Remarkable results were achieved by the advanced computerized analysis of a manuscript’s digital image. The starting point was to try and discover what physical attributes of a Genizah fragment could be automatically deduced by the computer through a fine analysis of its digital image. We develop a few software modules that, through a computerized analysis, can allow the system to:

recognize and follow the exact contour of the textual part of the image, thus separating it from its background;
measure the fragment’s inner and outer dimensions;
count its number of lines;
compute the average written-line width and length, the average inter-line width, the average “text density” (the number of letters in a specified measure unit);
compute the existence of margins and their average dimensions; and more.

It was thus proved that this type of data, considered essential in the study of manuscripts and partially found in catalogs of manuscript collections, which until now had been marked manually by scholars with a notable waste of precious research time, can now be extracted automatically from the fragment’s digital image with much more accuracy and efficiency. We implement these modules on the complete set of Genizah images, and the data derived by this process is integrated into our databases and displayed on the Genizah website

Suggesting joins

A crucial further step was achieved when we succeeded in developing a complex program capable of analyzing the handwriting in the images of two different fragments and asserting the probability that both were written by the same scribe (and so, perhaps, originate from the same manuscript). This is not done through the analysis of the individual handwritten letters and their shapes, but rather through a global comparison scheme, vaguely similar to the way in which two portraits can be compared by computer and found to be of the same person.

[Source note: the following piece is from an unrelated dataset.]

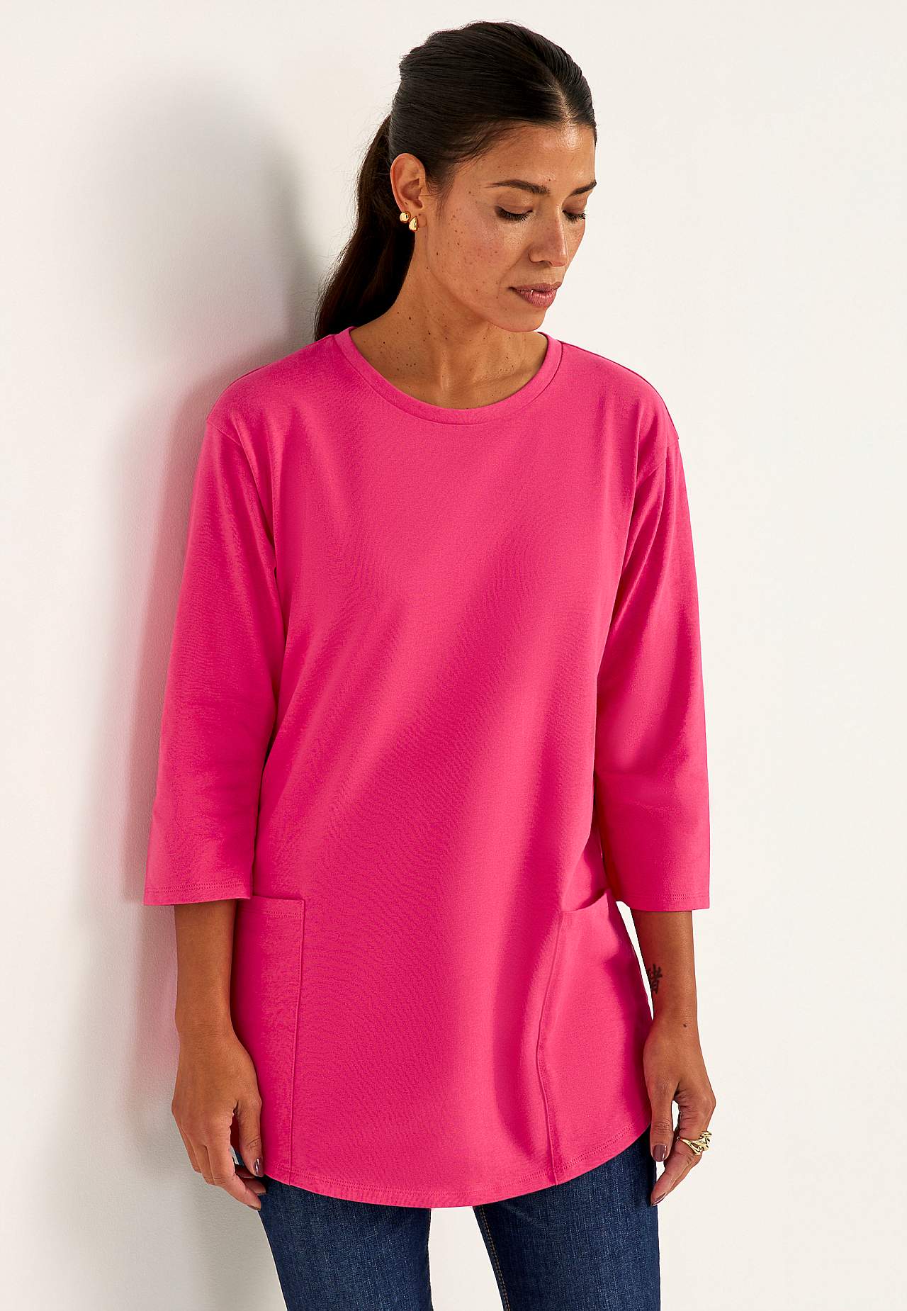Tunic top with comfy, big pockets. Soft, firm, slightly heavier quality. Oversized fit. Round, ribbed neckline. Dropped shoulder. 3/4 length, slightly wider sleeves. Big patch front pockets. Rounded hem. The length varies with size: about 78-92 cm from the shoulder.

The basic idea is to match each of the Genizah fragments with one another so as to obtain a similarity score for each pair of fragments. Out of an estimated total number of 320,000 fragments, about 230,000 fragments were available to us, represented by 450,000 digital images, with two images per fragment (recto and verso). For every fragment, a numerical signature vector was computed, encapsulating aspects of its writing style. With a specially designed software component that measures the readability of every fragment, we eliminated from this scenario most fragments with poor legibility, those that most likely would not contribute true joins but rather would deteriorate the effectiveness of the system. These included blank or almost-blank pages, illegible or very dark texts, minute fragments, etc. After eliminating these problematic items, we were left with a total of 158,000 fragments to be compared with one another. That gave a total of 12.4 billion pairs that needed to be measured for similarity, a huge number indeed. Some twenty different similarity scores were computed and stored for each pair. These were generated by using four different algorithms to represent the handwriting style of each document and by using different similarity measures between documents. The different similarity scores can be "stacked" together to achieve higher accuracy.

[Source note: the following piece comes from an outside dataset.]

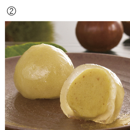 2.中津川栗きんとんを葛で包み込みました。栗本来の風味ともっちりとした葛の食感、冷やしても美味しくお召し上がりいただけます。

During June 2013 twenty CPU's from the Computing Lab of the Blavatnik School of Computer Science at Tel Aviv University ran together continuously for 37 days (the equivalent of some 18,000 computing hours), and the task was accomplished. This computer run is probably one of the most intensive ever implemented in a digital humanities context, in terms of computing resources. Four terabytes of output were generated in the process.

An efficient and compressed database was built to preserve these results in a structure that is easy to manipulate within a reasonable on-line response time. For each fragment, the top 300 similar fragments were precomputed.

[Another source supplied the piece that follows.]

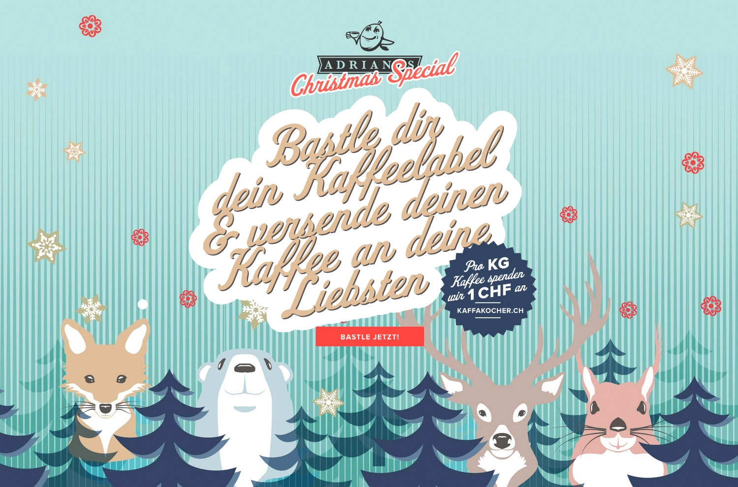 I programmed a web application for the popular and innovative Adrianos café in Bern. Using buttons, sliders and colour selection, you can put together a personalised coffee with your own dedication, colour and degree of roast.

In the Join Suggestions page there are three buttons that allow the user to use any of three different algorithms (described below) and to receive relevant join suggestions.

OSS-S4 (the basic algorithm)

The algorithm ranks fragments based on stacking 4 "learned" One-Shot Similarity measures. Up to 100 results that were not presented in the clustering algorithm will be displayed.

Graph BCC- Bi-Connected Components algorithm

This algorithm builds a graph based on Bi-Connected Components and isolates the bi-connected component of the given fragment. The results obtained are fragments that are connected to the requested fragment by at least two independent pathways in the graph. The advantage of this algorithm is that it eliminates many irrelevant suggestions. It is possible, therefore, that for a given fragment there will be very few suggestions or no suggestions at all.

This algorithm was developed by Prof. Zev Wilkovitz and Dr. Zechariah Frankel from the Software Engineering department in the Ort-Braude College in Carmiel.

SCSS-1000- statistical graph model

The algorithm is based on advanced methods of graphical models, allowing the construction of a graph for the 1000 fragments that are the most similar to the given fragment. The algorithm isolates and displays the cluster containing the given fragment. The special features of the algorithm help find and offer new suggestions, even those, which according to the basic algorithm are seemingly far - according to the proximity measure of this algorithm- from the given fragment.

The Joins tool was developed as a joint project with Prof. Lior Wolf and Prof. Nachum Dershowitz of the Blavatnik School of Computer Science at Tel Aviv University.

Jigsaw

When trying to test a hypothesis about the possibility of joining 4 or 5 fragments, say, into one folio, a researcher may invoke the function “Jigsaw,” giving it the numbers of these fragments’ images. The images will then be displayed on his (preferably large) screen, where he can rotate or move any of them in an effort to fit them physically together, as in a real puzzle. If satisfied, he can then store the final image on the website.

To make the system even more user-friendly and intuitive to researchers, even if they are not completely at ease with computers, a large 42" touch-screen was installed in the Genazim lab, as a prototype, with an attached PC on which the website and the software were installed, all completely transparent to the user. Using a virtual keyboard, the user approaches the system by inputting an image number, receives back the images of the 100 best potential candidates, marks some of the relevant ones, passing them over to Jigsaw, where they can be easily manipulated – moved, rotated, flipped, calibrated – by just touching the screen with one's fingers, much like what one is used to doing nowadays with smartphones, and as naturally as one might arrange a jigsaw puzzle spread out on a table.

Word-Spotting

The Word-Spotting tool makes it possible to locate Genizah fragments that contain a given word, not only in fragments that have been manually transcribed (as with the full-text search) but in any Genizah fragment, by searching for the image of the word rather than for its textual representation.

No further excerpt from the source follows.